Renk verzeichnet neuen Großaktionär durch Fidelity-Einstieg, während KNDS seinen Anteil senkt. Der Aktienkurs erholt sich weiter.

Die wichtigsten Punkte im Überblick

  • Fidelity überschreitet Drei-Prozent-Marke
  • KNDS reduziert Anteil auf rund zehn Prozent
  • Auftragsbestand von 6,9 Milliarden Euro
  • Marine-Sektor liefert neue Impulse

Ein strategischer Investor zieht sich teilweise zurück, ein globaler Asset Manager steigt ein. Bei Renk verändert sich die Aktionärsstruktur gerade grundlegend.

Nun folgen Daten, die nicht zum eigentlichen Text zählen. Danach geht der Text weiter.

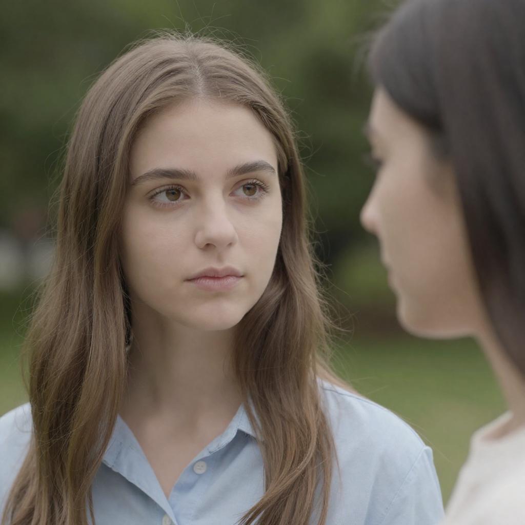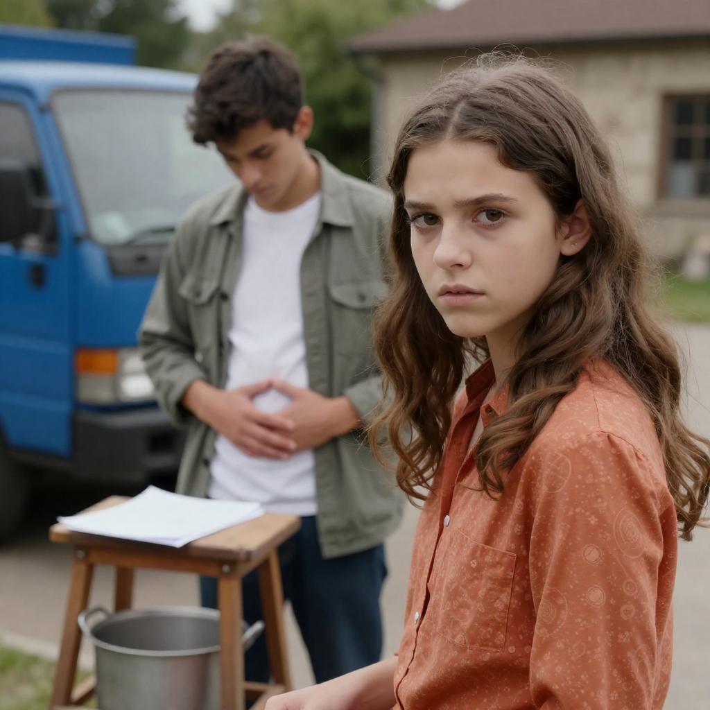 Photograph of two young people outdoors. Foreground: brown-haired girl with wavy hair, intense expression, wearing orange patterned shirt. Background: boy with dark hair, green jacket, white shirt, standing, looking down at papers on wooden stool. Blue truck, stone building, greenery in background. Boy's hands on stomach. Metal pot on ground in front.
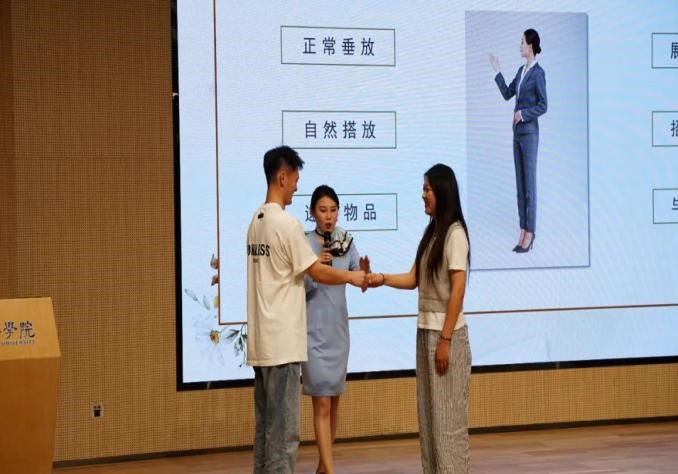 王芊芊老师强调大学生的个人形象塑造,根据场合选择适宜的服装,如在正式场合(如开学典礼、毕业典礼、学术讲座等)应穿着整洁大方,不宜过于随意。日常生活中,衣着得体,符合大学生的身份形象。注意个人卫生,保持良好的仪容仪表,展现健康、阳光的精神风貌。王芊芊老师通过随机挑选学生上台进行站姿、坐姿、走姿教学,以独特且富有魅力的方式,将礼仪知识以生动有趣的形式呈现给同学们。
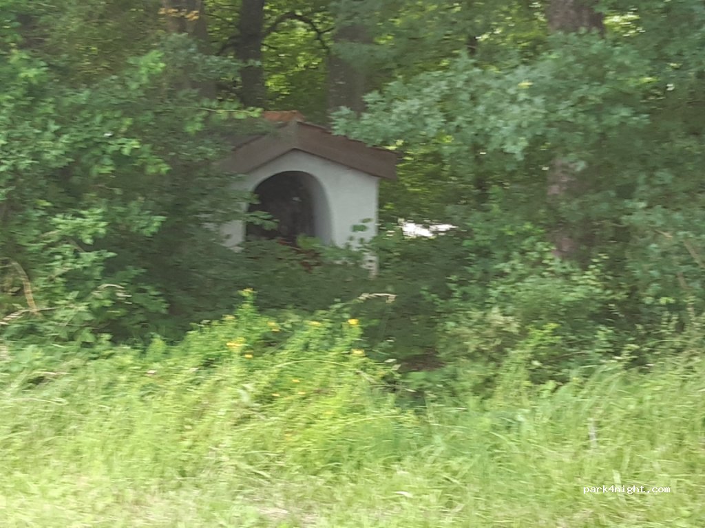 Mooie parkeerplaats voor wandelaars een beetje van een kleine weg in het bos. Zeer rustig en geschikt voor overnachtingen. Kleine kapel in het bos.

Der Kurs reagiert positiv: Am Dienstag notiert die Aktie bei 51,45 Euro, ein Plus von 2,12 Prozent. Damit setzt sich die Erholung der vergangenen Woche fort – seit dem Tief bei 43,99 Euro Mitte Mai gewann der Titel rund 17 Prozent. Auf Jahressicht bleibt ein Minus von knapp 29 Prozent.

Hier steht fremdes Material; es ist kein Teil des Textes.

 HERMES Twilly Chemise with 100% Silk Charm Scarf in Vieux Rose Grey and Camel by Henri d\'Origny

KNDS verkauft, Fidelity kauft

Der deutsch-französische Rüstungskonzern KNDS hat seinen Anteil drastisch reduziert. Über ein beschleunigtes Platzierungsverfahren verkaufte er 5,8 Millionen Aktien. Das Volumen: rund 262 Millionen Euro. Der Anteil sank von knapp 16 auf rund 10 Prozent.

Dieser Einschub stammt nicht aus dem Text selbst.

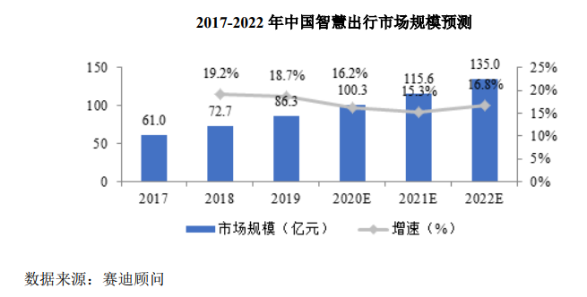 在智慧出行领域,AI解决方案以机场航司作为切入口, 探索「空陆联运」,联动客运公交、地铁、高铁、城市轨交、公交,2022年中国智慧出行市场规模有望达到135亿元。
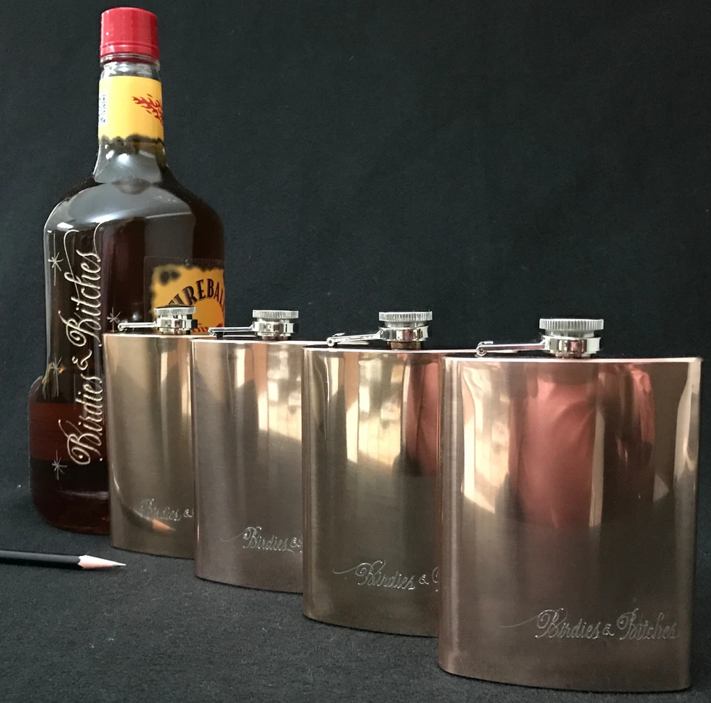 As for the engraving…an experienced #3 round carbide was used on the stainless steel flasks. Also experienced, was the #8 round carbide used on the bottle of FIREBALL, cinnamon-flavored whiskey. Antique Gold Rub ‘N Buff filled the engraved letters on the bottle.
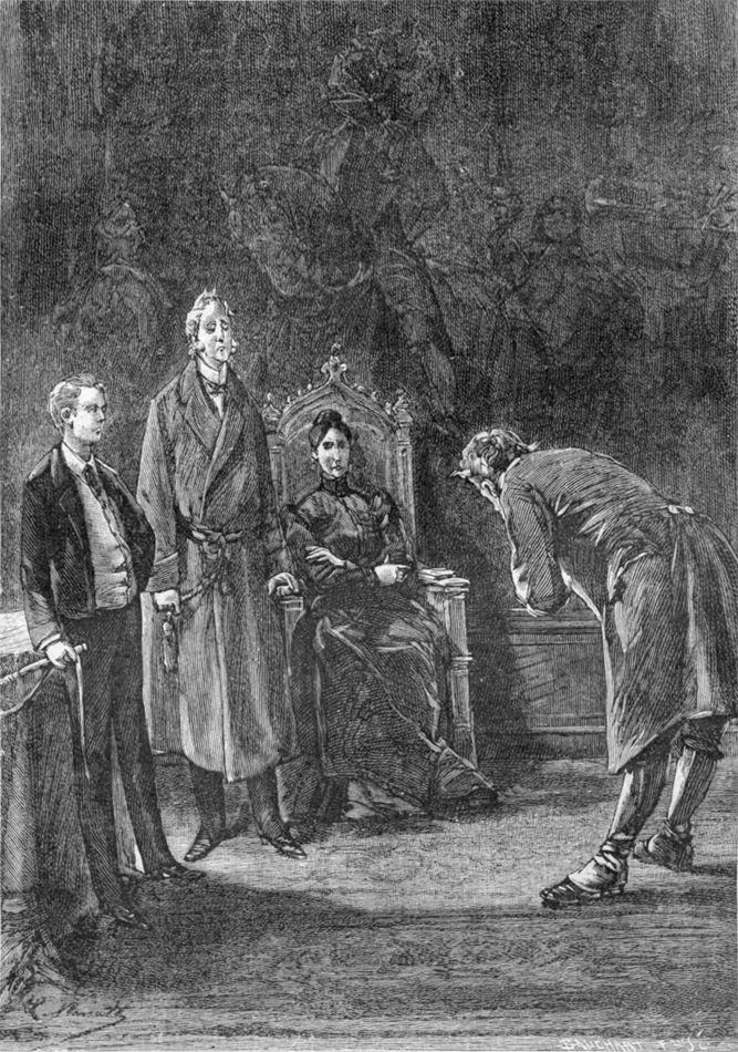 «Au fond, continue Thornpipe, vous remarquerez le trône de la reine Victoria, surmonté de son baldaquin de velours cramoisi à crépines d'or, modèle exact de celui sur lequel Sa Gracieuse Majesté prend place pendant les cérémonies de la cour.»
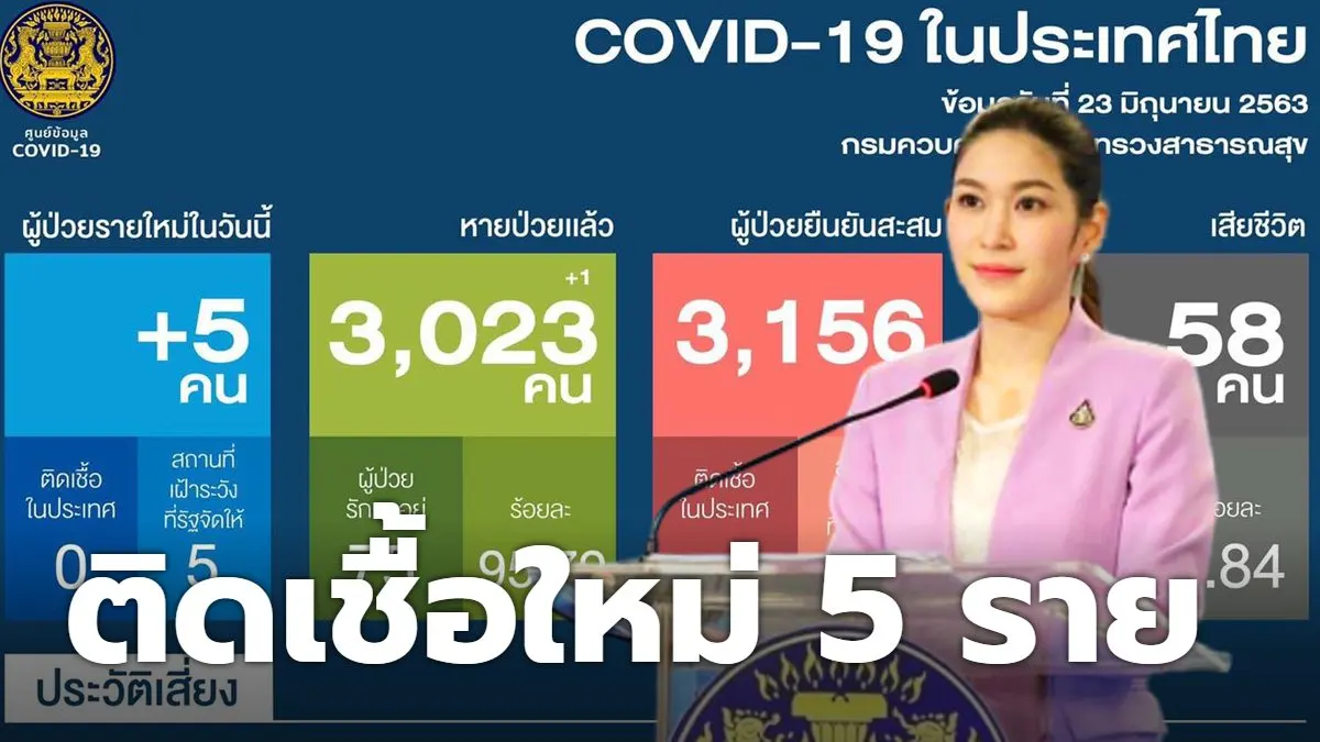 พบผู้ป่วยโควิดใหม่ เพิ่ม 5 ราย เป็นผู้ป่วยที่มาจากต่างประเทศทั้งหมด
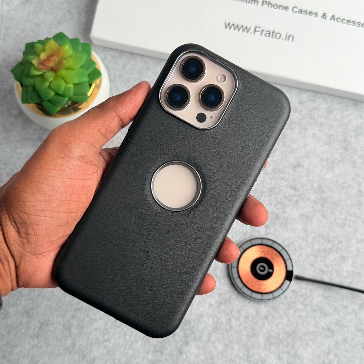 FRATO iPhone 15 Series iPhone 15 Pro Max / Black iPhone 15 Series Textured PU Leather Logo Cut MagSafe Case Cover
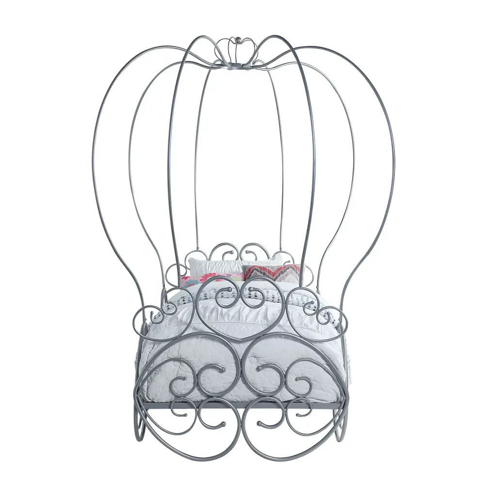 - Whimsical Design: This Twin Metal Bed with canopy offers a playful and charming look, making it premium for children’s rooms or guest spaces. Its pumpkin design and scrolled side rails toss in a unique and delightful character to any room.
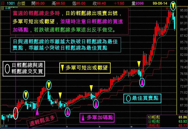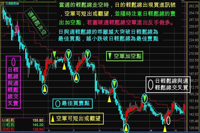 並隨時注意日輕鬆線的買進加碼點,若跌破週輕鬆線多單退出反手做空。
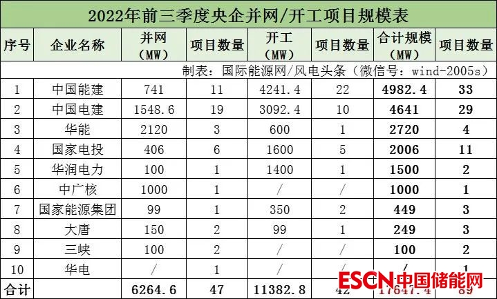 中國儲能網(wǎng)訊:據(jù)國際能源網(wǎng)/風(fēng)電頭條(微信號:wind-2005s)不完全統(tǒng)計,2022年1月1日至9月30日,中國能建、中國電建、華能、國家電投、華潤電力、中廣核、國家能源集團(tuán)、大唐、三峽、華電等10家央企并網(wǎng)及開工風(fēng)電項目累計89個,規(guī)模累計17647.4MW,約17.65GW。其中,并網(wǎng)項目47個,規(guī)模累計6264.6MW,開工項目42個,規(guī)模累計11382.8MW。

Marktbeobachter sehen den Schritt als Maßnahme zur Stärkung der eigenen Finanzkraft. Für Renk bedeutet er mehr Streubesitz – langfristig ein Liquiditätsgewinn für den MDAX-Titel.

Parallel dazu stieg der US-Vermögensverwalter Fidelity ein. Er überschritt die Meldeschwelle von drei Prozent. Ein Vertrauensbeweis eines globalen Investors in einem schwierigen Marktumfeld.

Operativ läuft es

Die fundamentale Lage bleibt robust. Der Auftragsbestand liegt bei rund 6,9 Milliarden Euro – etwa das Fünffache des Jahresumsatzes. Die Book-to-Bill-Ratio erreichte im ersten Quartal 2026 den Wert von 2,1. Ein Großteil der für das laufende und kommende Jahr geplanten Erlöse ist vertraglich gesichert.

Die operative Marge im Kerngeschäft stabilisierte sich bei 11,6 Prozent. Hohe Auslastung und strikte Kostenkontrolle stützen das Ergebnis.

Neue Impulse kommen aus dem Marine-Sektor. Renk liefert Antriebskomponenten für ein unbemanntes Überwasserschiff eines NATO-Mitglieds. Auf der Branchenmesse Eurosatory im Juni will das Unternehmen weitere Innovationen präsentieren – ein Signal für die Transformation vom Getriebelieferanten zum Anbieter integrierter Antriebslösungen für autonome Systeme.

Am 10. Juni tagt die Hauptversammlung. Zur Abstimmung stehen die Dividende und ein Wechsel an der Aufsichtsratsspitze. Dr. Klaus Richter soll Claus von Hermann ablösen.